Clock Deviation

Hello, I’m getting some odd results from my newest runs of Nextstrain, and I’m wondering if I have a bad setting somewhere that’s causing this. My setup is using the newest versions of the Nextstrain CLI and related programs, but some of my profile files are left over from previous versions, so it’s possible that’s what’s tripping me up.

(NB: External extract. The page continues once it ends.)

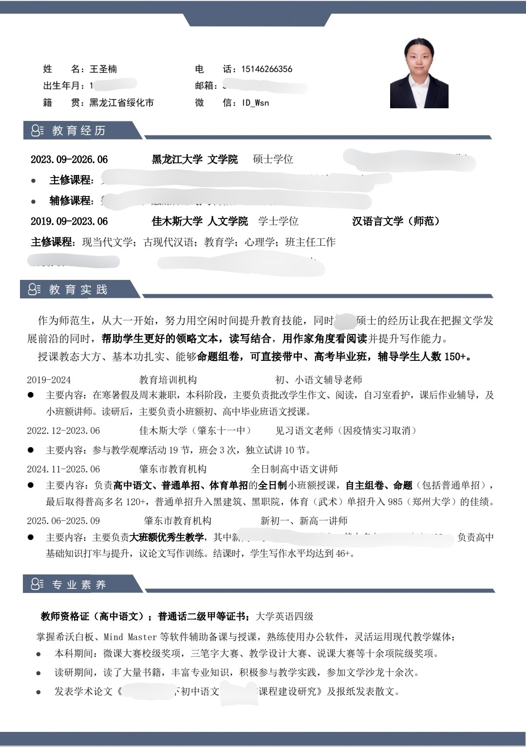當(dāng)前位置:首頁 > 招聘求職 > 求職 > 初高中語文老師

My basic setup is that I have ~70,000 sequences and metadata, and I’m trying to pull roughly 12,000 of these at random, from the beginning of the pandemic to now, and make a nextstrain for them. This always worked before, but now I’m generating results that only show ~7000 samples.

Digging into my Results files a bit, it appears the remaining ~5000 subsampled strains are getting thrown out because of clock_deviation. If I filter metadata_with_nextstrain_qc.tsv to only show strains with a clock_deviation of < -20, roughly 5000 samples are shown. This seems in error. As I understand it, clock_deviation is meant to filter out samples with bad date data, like omicron samples that are incorrectly labelled January 2021 instead of January 2022, using the expected clock frequency of mutations over time. But I can’t believe that 40% of my dataset are correctly being flagged as wrong. These are all GISAID samples, and a cursory glance through makes this data seem fine, date-wise.

If I sort by clock_deviation, the “worst” offenders are all 20J (Gamma, V3) samples, for some reason.

My guess is that I have some profile setting somewhere that is causing incorrect calculations of clock_frequency. Any ideas? Thank you for your time.